**Activity:**
Copy, pictures aside: the lines below from the one that holds "Colibrí knife with" through the final line of the listing, both ends included, exactly as they are and nothing else.

+++ Provided material

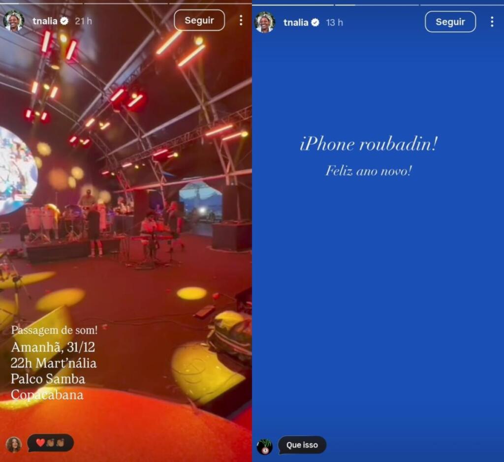 Pouco depois do ocorrido, Mart’nália usou as redes sociais para comentar o assalto com bom humor. “Iphone ‘roubado’. Feliz Ano Novo”, escreveu. Antes disso, ela havia publicado registros do ensaio realizado na orla de Copacabana, onde se apresenta na noite desta quarta-feira (31/12).
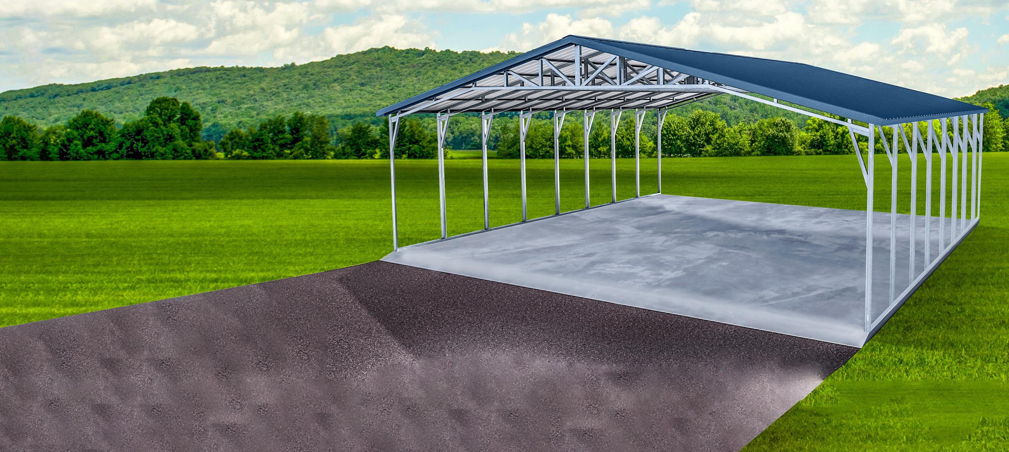 Commercial grade features include 14 gauge galvanized steel truss system with industry leading tubular knee bracing, 29 gauge metal roofing with 20 year Beckers paint system, framing spaced 5’ on center or less, concrete anchors or earth auger anchors are included in base price. Eagle Carports, Inc. is not responsible for stopping, or repairing leaks under base rails. Base leg height is 8’ tall. Please note: Eagle Carports, Inc. does not provide any site work. Truss design may vary slightly (from picture above).
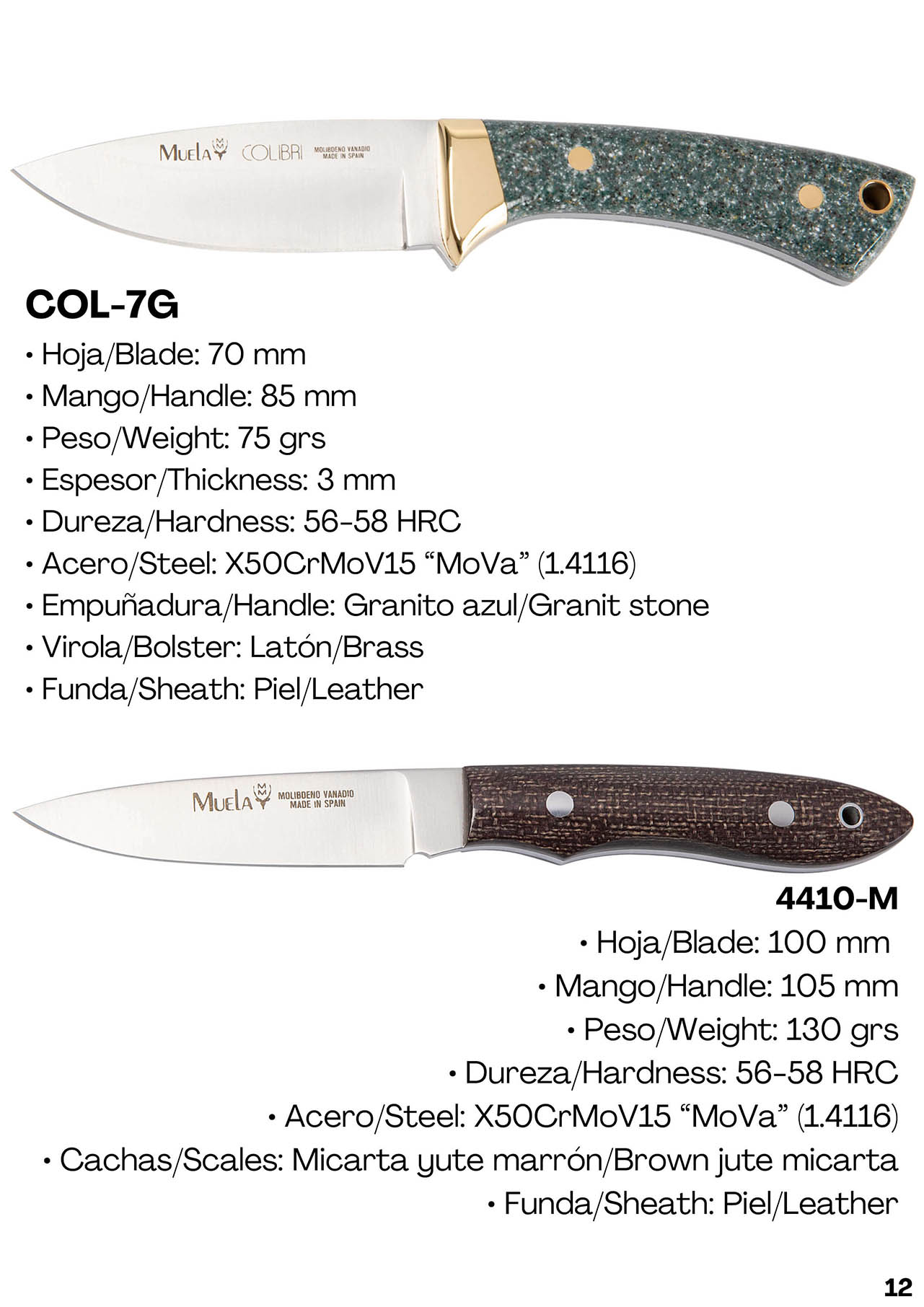 Colibrí knife with a 7 cm blade and blue granite handle. Leather sheath.
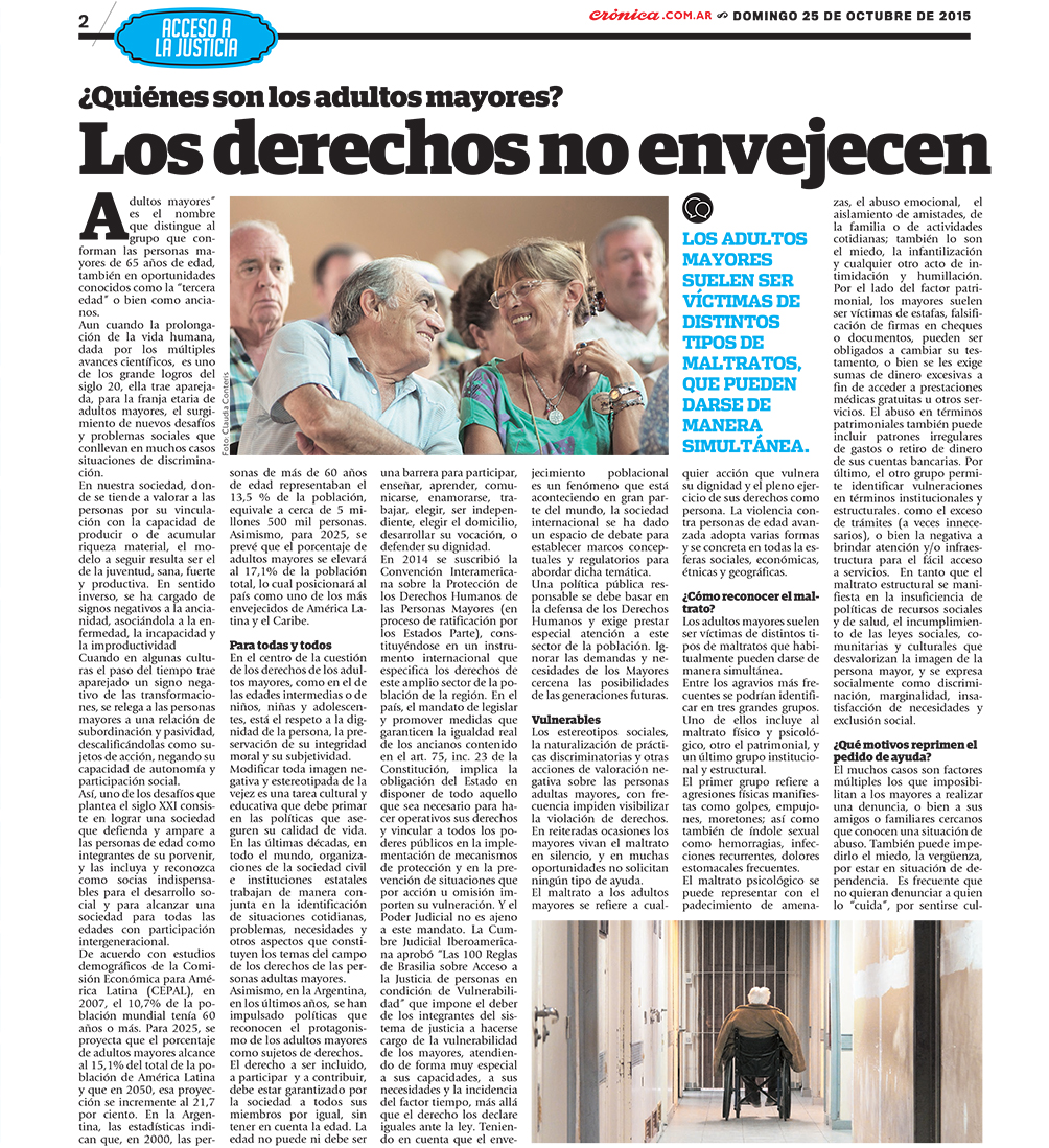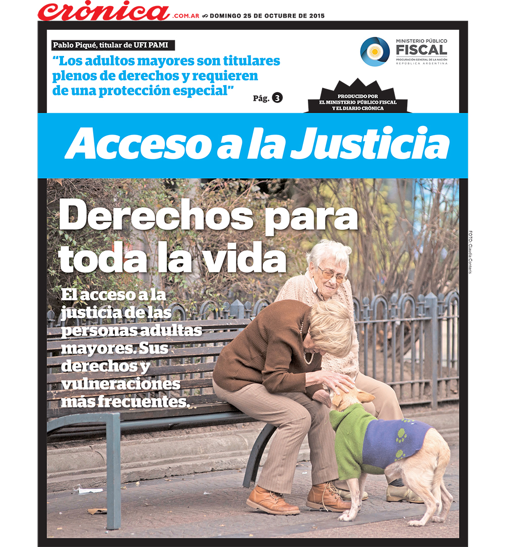 El suplemento “Acceso a la Justicia” realizado por la Procuración General de la Nación acompañó ayer una vez más la edición del diario Crónica. En esta oportunidad, estuvo dedicado al acceso a la justicia de los adultos mayores, sus derechos y vulneraciones más frecuentes.

++++++

**Answer area:**
 Colibrí knife with a 7 cm blade and blue granite handle. Leather sheath.
 El suplemento “Acceso a la Justicia” realizado por la Procuración General de la Nación acompañó ayer una vez más la edición del diario Crónica. En esta oportunidad, estuvo dedicado al acceso a la justicia de los adultos mayores, sus derechos y vulneraciones más frecuentes.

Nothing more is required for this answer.